Màna rarely asked questions of Eva, she just brought her a plate of grits with melted cheese, and asked if she’d like some coffee. Eva nodded, not looking her in the eyes. On weekdays when Eva had slow nights, Màna wouldn’t make her pay. When the girl insisted, the Greek matron would protest, and if nothing else, slip a handful of after dinner mints into her pocket or an apple in a brown paper bag for Eva on the way out the jingling door. Màna joked, “You’re too thin, Baby Girl,” placing her hand on Eva’s cheek, dwarfing her chin and cheekbones alike with a single olive palm. Though touched, Eva would slink away, as though shame were a contagious and fatal disease that could be spread upon the slightest contact. Eva was afraid that if she allowed Màna to pity her, she would infect her with indignity.

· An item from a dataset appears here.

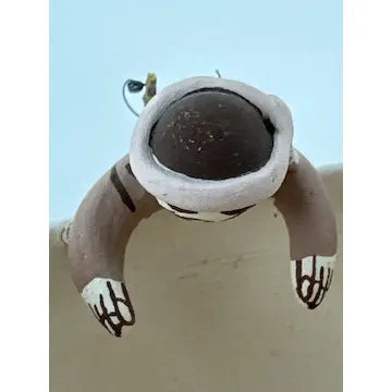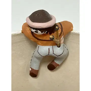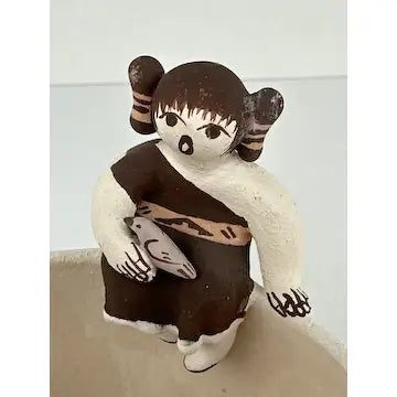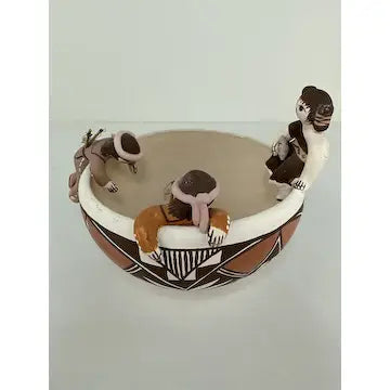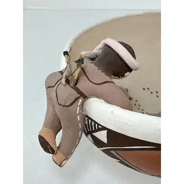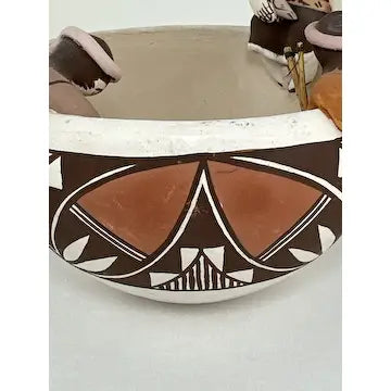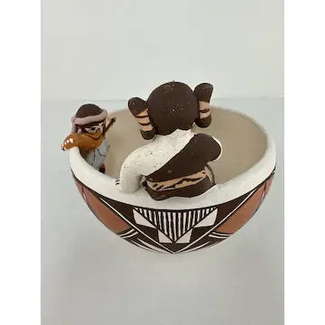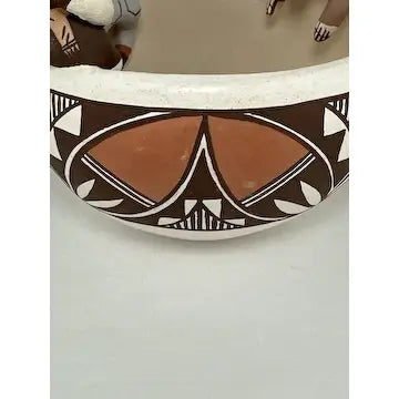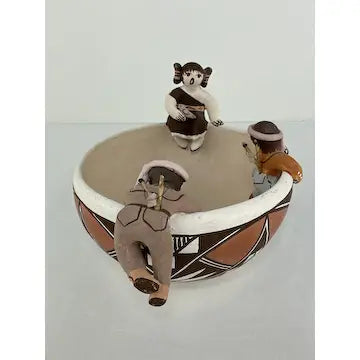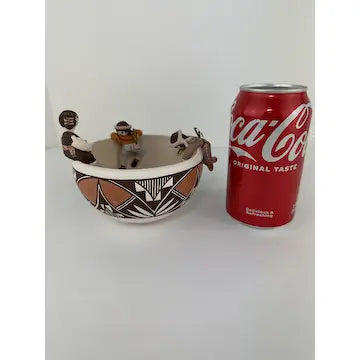 This vintage Acoma friendship bowl, crafted by 5th generation potter Marilyn Henderson, features traditional Acoma patterns and three figures crawling along the rim. Three birds on the inside symbolize friendship, while the artist's signature adds authenticity. Perfect for adding a touch of Native American culture to any space.

The evening had been for the most part slow; before Papp had come to pick her up, she had but a sole client. He was a sturdy man that reminded Eva of her brothers, with dirt beneath his fingernails and grease smeared under his chin, as though he had worked his way out from under the body of a car and slid right under her own black underside. He paid well, and Papp had been drunkenly gracious and generous. Tonight she would pay back Màna in full. Màna would be proud of her Baby Girl, strong and self-sufficient. Eva drank her coffee in silence, listening to the faint click of insects zooming to their death in the fluorescent lights above.

The door chimed with the entrance of a new customer, and both Màna and Eva looked up with anticipation. Sometimes she dreamed that one day a real-life sister would walk through the door on the way to her Big City Office Job, with soft, slender hands, a modest, grey pencil skirt, and perhaps even a fashionable bob haircut. But Eva did not have a sister. Instead, she saw the visage of her brothers, the same slicked back hair and skin blackened under grime. Eva quickly averted her eyes, looking into the neon night, avoiding yet again the wide grin of a drunken man, the taste of his yellow teeth familiar to her tongue. A pair of grease stained mechanic’s overalls sauntered past, and Eva could not bring herself to lift her fork to her mouth. Màna had disappeared with a pot of coffee, attending to her men. Eva left without paying, hungry.